Cuando llegaron a la cabaña Heidi fue a buscar el libro que le regalo la abuela de Clara para
leérselo al abuelo. Era la historia de un hijo que un día quiso disponer de lo que le
correspondía de su fortuna para vivir a su capricho y se lo gastó todo. Entonces se vió
obligado a entrar de criado en un lugar donde sólo habían cerdos, sus ropas eran miserables
y sólo comía bellotas y algarrobas. Al estar así se dio cuenta de lo feliz que era antes cuando
vivía con su padre y lloraba de remordimiento y de pena. Se decidió a ir donde él a pedirle
perdón y a decirle que no era digno de ser su hijo. Cuando el padre lo vio se compadeció de
él y lo estrecho en sus brazos. El muchacho dijo “he pecado contra el cielo y contra ti, ya no
soy digno de que me llames tu hijo”. El padre mandó a que lo vistieran con las mejores ropas
y zapatos, y que prepararan la mejor comida porque “mi hijo que había muerto ha
regresado a la vida, lo habíamos perdido pero ya ha regresado”. El abuelo escuchó en
silencio la historia. Luego, mientras Heidi ya dormía, el abuelo la contemplaba. Después
enlazó sus manos e inclinando la cabeza dijo en voz alta: “Padre, he pecado contra el cielo
y contra ti, no soy digno de que me llames tu hijo”, y las lágrimas rodaron por las mejillas
del anciano.
Al día siguiente era domingo. El abuelo le pide a Heidi que se coloque el mejor vestido
porque irían a misa. El abuelo se puso también su mejor traje y tomados de la mano bajaron
la montaña. En la iglesia estaba casi todo el pueblo. La gente se agrupó y empezó a comentar
la inesperada aparición del viejo en la iglesia. Algunos decían que quizás él no era tan
temible como se decía. Otros decían que si fuera tan malo no iría a hablar con el cura. El
panadero que también estaba ahí decía que si fuera malo la niña no habría querido volver
con él teniéndolo todo en la ciudad. Esta buena disposición de ánimo hacia el viejo se fue
comentando a los demás grupos, y las señoras también ya comentaban lo que decía la
abuela de Pedro sobre lo bueno que era. Entretanto, el viejo se acercó a la casa del
sacerdote y le pidió disculpas por las palabras que le había dicho y por no escuchar sus
consejos. Le dijo que desde ahora durante el invierno él viviría en Dorffi, pues la niña no
podía permaneces arriba en la montaña con tanto frío. Los ojos del sacerdote brillaron de
alegría y le dijo que en su casa será siempre bien recibido como amigo y como vecino.

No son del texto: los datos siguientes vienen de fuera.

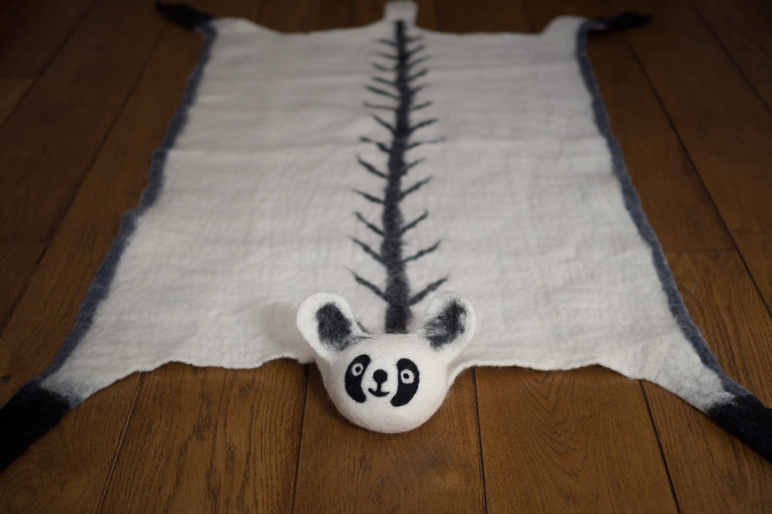 Filcowy dywanik – mata z Nepalu. Wykonany ręcznie z jednego z najstarszych wyrobów włókienniczych – filcu. Używany do produkcji filc pochodzi w 100% z czystej, owczej wełny. Mata formowana jest na mokro a następnie suszona na wolnym powietrzu. Dywaniki powstają bez maszyn, szablonów czy dokładnych projektów – wyłącznie dzięki niezwykłym umiejętnościom, doświadczeniu i wrażliwości ludzi którzy je tworzą. Dzięki temu są niepowtarzalne. Dywaniki świetnie sprawdzają się w pokojach dziecięcych i sypialniach. Mogą również stać się zabawką. Dzieci z pewnością znajdą dla nich masę nowych zastosowań. Skład: 100% owcza wełna.

Apenas salió de la casa del cura la gente se le acercó de forma amable y le expresaban su
alegría de que por fin haya decidido compartir con ellos. El anciano se sentía feliz porque se
sentía en paz con Dios y con los hombres. Agradecía a Dios de que hubiera enviado a Heidi
a su lado.
Al llegar a la cabaña de Pedro, el abuelo entró saludando a la abuelita quien estaba
agradablemente sorprendida. Ella le dio las gracias por todo lo que había hecho por su casa,
y le pidió que no volviera a dejar que Heidi se fuera, pues para ella la niña era muy
importante. El abuelo la tranquilizó y le dijo que él tampoco quería volver a alejarse de su
nieta. En aquel instante llegó Pedro con una carta de Clara para Heidi. En ella le contaba
que desde que ella no estaba la casa era muy aburrida, tanto así que ella también había
decidido marcharse y había convencido a su padre para que en otoño la dejara ir a Ragatz.
La abuela la llevaría a visitarla y así podría conocer a su abuelo y a la abuelita de Pedro. El
pensar en todo lo que vendría, causaba en todos una gran felicidad.